WHAT TO PRODUCE:
Only the pictures are dropped. Restate each line below word for word.

DATA BLOCK:
========================

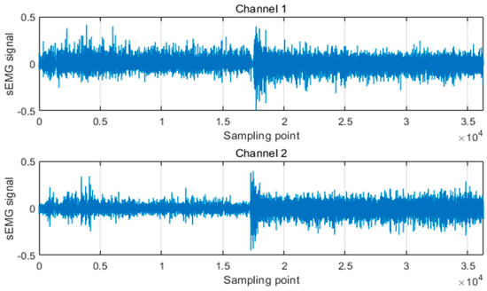 Before electrodes are placed, the skin paste should be treated, including removing hair, removing sweat, and wiping clean with alcohol. As experiment shows, we select brachioradialis muscle and extensor digitalis muscle as objects to obtain the sEMG signals, which show obvious change during different hand movements. The placement position of the electrodes is shown in Figure 8. In this paper, we set the sampling frequency of the surface electromechanical signal at 1000 Hz. The amplitude of the original EMG signal is only 0–6 Mv, so we design the amplifier circuit to amplify it, and we also perform a filter to remove the noise. Finally, the usable EMG signal can be obtained. In Figure 9, we present the raw sEMG signal from two electrodes.
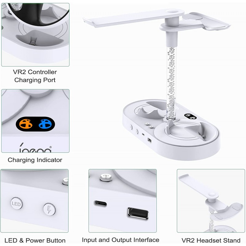 - All-in-1 PSVR 2 Controller Charging Station -- Package includes: 1 x Controller Charging station for PlayStation VR2, 4 x Magnetic Type-C connector, 1 x USB C cable, 1 x User guide. When not playing games, the RGB charging station can also be used as a display for VR2 devices. What’s more, the charging base stylish design and colored lights add a sleek aesthetic to your PlayStation VR2 console. (It is not recommended to use the USB C adapter to directly plug into the VR Headset to charge).
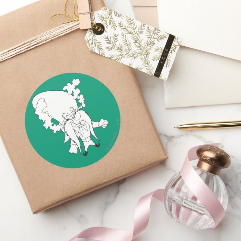 Yosemite Sam Steaming Mad Classic Round Sticker vinyl sticker, waterproof durable collectible sticker for laptop, phone, bottle, bike, notebook, helmet, and accessories.

========================

TASK OUTPUT:
 Before electrodes are placed, the skin paste should be treated, including removing hair, removing sweat, and wiping clean with alcohol. As experiment shows, we select brachioradialis muscle and extensor digitalis muscle as objects to obtain the sEMG signals, which show obvious change during different hand movements. The placement position of the electrodes is shown in Figure 8. In this paper, we set the sampling frequency of the surface electromechanical signal at 1000 Hz. The amplitude of the original EMG signal is only 0–6 Mv, so we design the amplifier circuit to amplify it, and we also perform a filter to remove the noise. Finally, the usable EMG signal can be obtained. In Figure 9, we present the raw sEMG signal from two electrodes.
 - All-in-1 PSVR 2 Controller Charging Station -- Package includes: 1 x Controller Charging station for PlayStation VR2, 4 x Magnetic Type-C connector, 1 x USB C cable, 1 x User guide. When not playing games, the RGB charging station can also be used as a display for VR2 devices. What’s more, the charging base stylish design and colored lights add a sleek aesthetic to your PlayStation VR2 console. (It is not recommended to use the USB C adapter to directly plug into the VR Headset to charge).
 Yosemite Sam Steaming Mad Classic Round Sticker vinyl sticker, waterproof durable collectible sticker for laptop, phone, bottle, bike, notebook, helmet, and accessories.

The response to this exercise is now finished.